Anda di halaman 1dari 3

Buku Itu Simbolik

Oleh Arif Yudistira*)

Buku itu suluh. Orang bisa menjadikannya sebagai jalan untuk mencari terang,
jalan untuk melihat cakrawala. Melalui buku yang kita baca, kita tak hanya
menyelesaikan kata-kata di dalamnya. Kita sedang menata deretan pikiran kita dan
membentangkannya. Orang yang berbicara menggunakan buku seperti sedang berpijak
pada sesuatu yang kokoh, kuat, berdasar. Kenikmatan menggumulinya seperti sensasi
yang tak tergantikan. Di novela Rumah Kertas (2016) Carlos Maria Dominguez berkisah
mengenai manusia penggila buku : Brauer. Brauer yang membangun rumahnya dari
buku-bukunya akhirnya menikmati kesendirian, keterasingan, tapi juga sebuah sensasi
tatkala ia menyendiri, tanpa istri, tanpa teman, tanpa siapapun di tepi pantai.
Kebahagiaannya seperti tak terganti dengan apapun. Nasibnya, seperti menegaskan bahwa
ia tak bakal menjadi apa-apa, ia tak congkak, sombong, padahal dia bisa memilih untuk
menjadi ilmuwan, atau apapun menggunakan buku-bukunya. Ia memilih tidak
melakukan itu, ia memilih hidup dan tinggal bersama bukunya.

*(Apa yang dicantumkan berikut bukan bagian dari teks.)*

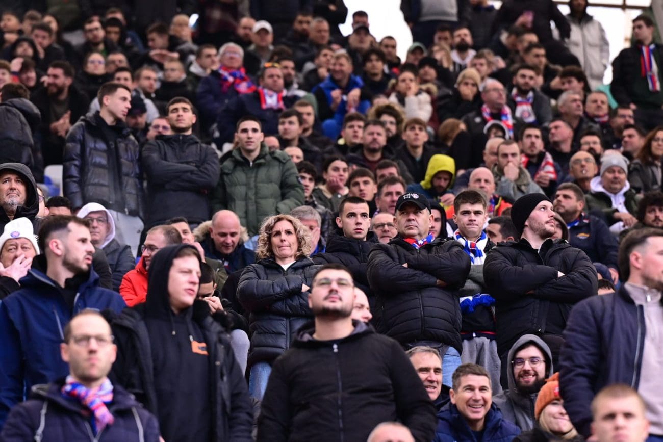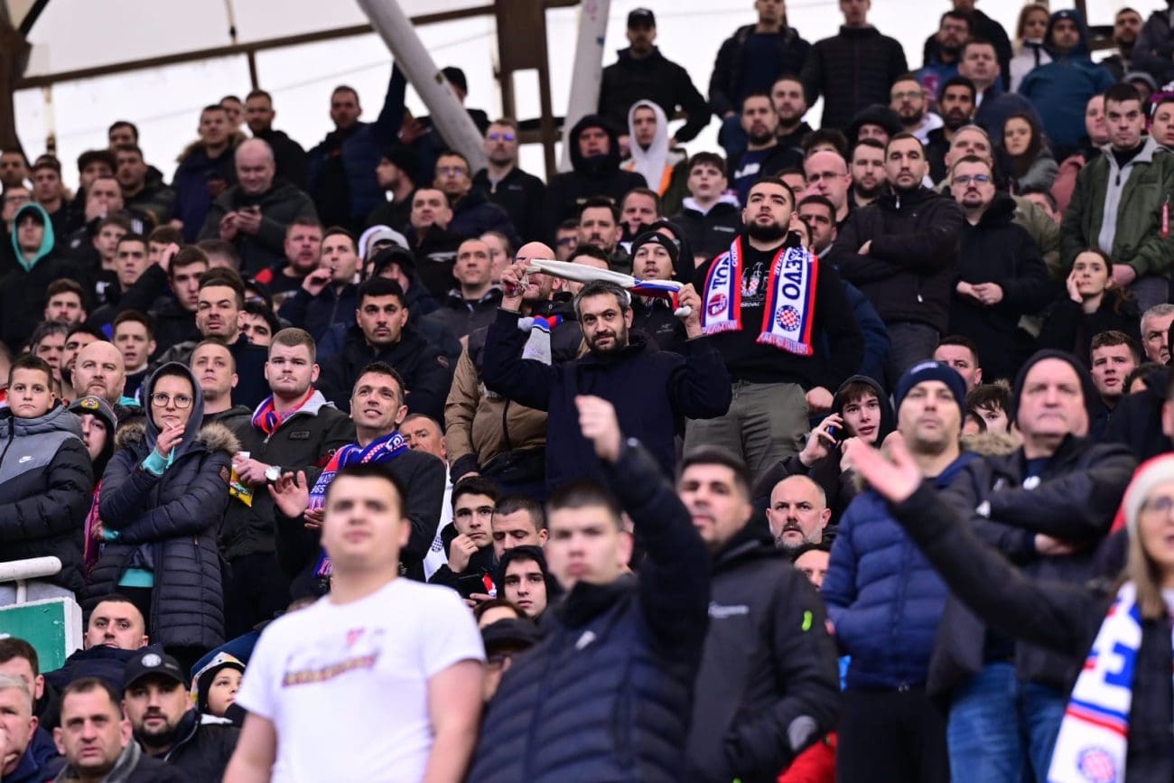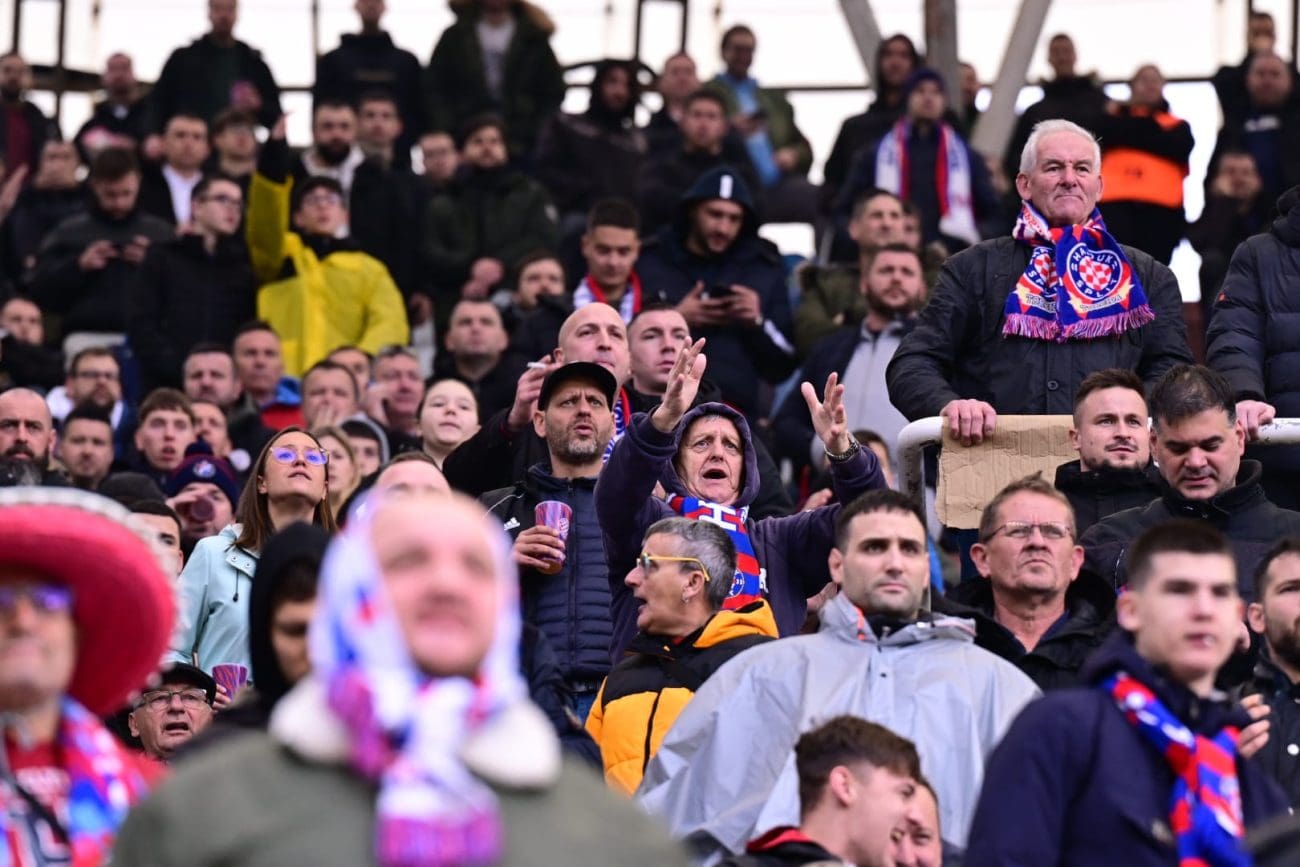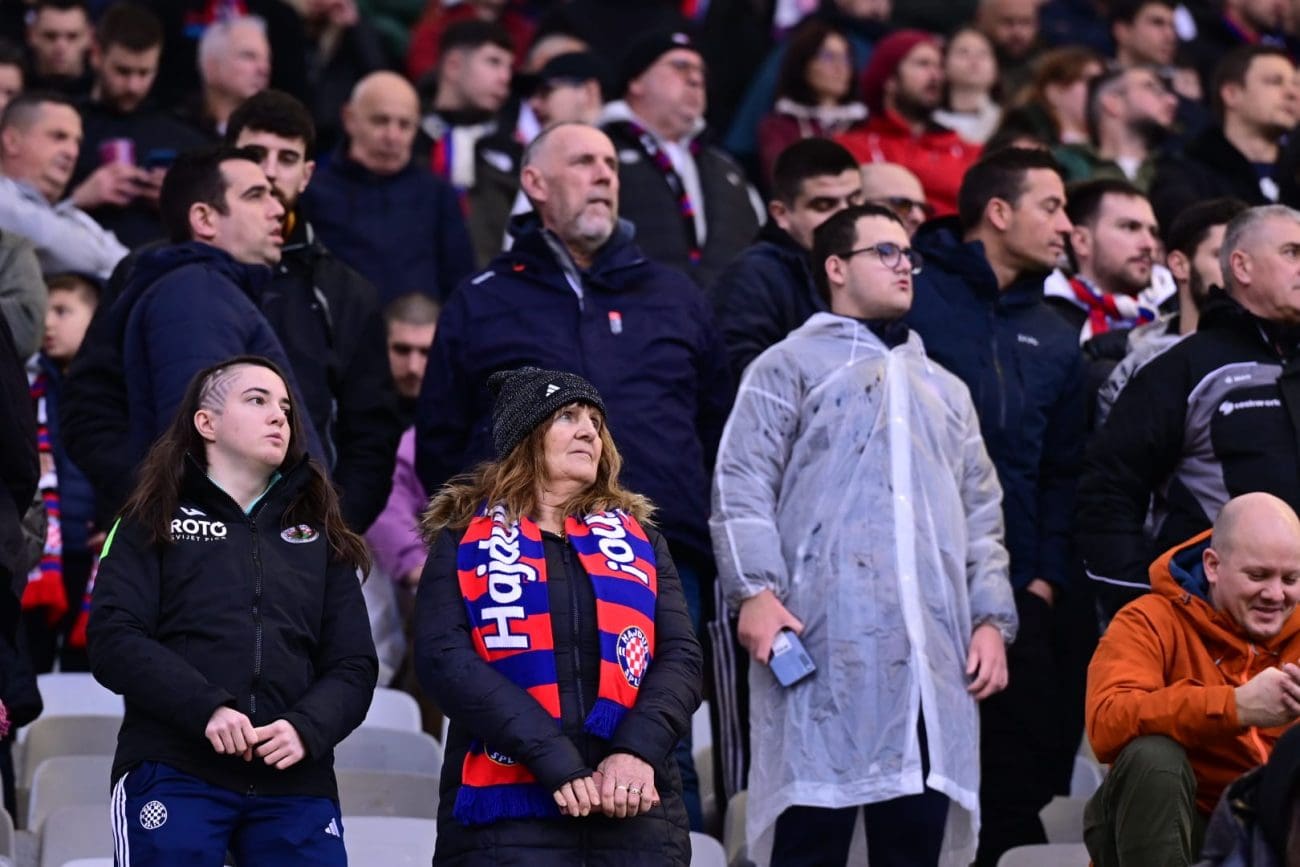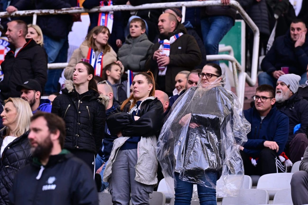 Vremenske prilike snažno utječu i na atmosferu na tribinama. Unatoč solidnom broju gledatelja koji su, bez obzira na jugo i kišu, došli na stadion, raspoloženje je vidljivo loše.

Buku bisa merubah takdir hidup orang-orang. Sebagaimana yang dikatakan Carlos
Maria Dominguez, banyak tokoh dunia maupun di negeri kita berubah karena buku.
Mereka adalah orang-orang tercerahkan karena membaca buku. Soekarno, Semaun, Tan
Malaka, Tirto Adhisoerjo, Mohammad Hatta, dan Pramoedya Ananta Toer, maupun
Widji Thukul.

Mereka adalah orang-orang yang menggunakan buku sebagai suluh, penerang


mereka dalam gelap. Di dalam buku Memoir Mohammad Hatta menuliskan kisahnya
sepulang dari Belanda, ia membawa 16 peti buku. Buku-buku itulah yang kelak dijadikan
referensi dan sumber bacaan dari tulisan-tulisannya. Kelak kita mengenalnya tak hanya
sebagai bapak bangsa tapi juga ekonom yang bersahaja. Buku-buku itu pula kelak yang
diwariskan anak-anaknya.

Begitu pula Pramoedya Ananta Toer. Ia menjadikan buku sebagai sebuah usaha
membaca nasionalisme dalam dirinya. Wujud nasionalisme itu ia wujudkan dengan
menulis kronik sejarah. Ia hendak menyusun sebuah dokumentasi dari Aceh sampai
Papua. Sayang sekali, ketika sampai Papua, Pramoedya sudah harus mengalah pada usia.
Ia pun sampai mengidap trauma mendalam saat tahu buku-buku dan hasil kerjanya
dibakar oleh tentara.
Penjara dan Buku

Tokoh-tokoh kita di masa lalu merasa sedih tatkala hari-harinya lepas dari buku.
Bahkan mereka mensiasati sebisa mungkin, buku masuk dalam ruang penjara mereka.
Bersama buku-buku itu, mereka menjadi hidup meski di dalam penjara. Soekarno, Hatta,
Sjahrir, Tan Malaka. Mereka mencipta buku justru dari penjara. Indonesia Menggugat
misalnya ditulis Soekarno di dalam penjara. Mochtar lubis juga menulis bukunya dari
penjara yang diberi judul Catatan Subversif. Begitu pula Pramoedya Ananta Toer. Ia
mengumpulkan ingatan dan melakukan kerja literasinya di penjara. Ia tak ingin kerja
hidupnya hancur sia-sia tatkala kerja literasinya dihancurkan. Di penjara, Pram justru
menulis susah payah dengan lintingan rokok. Kelak kita pun tahu, tetraloginya menjadi
karya yang menggemparkan sampai sekarang.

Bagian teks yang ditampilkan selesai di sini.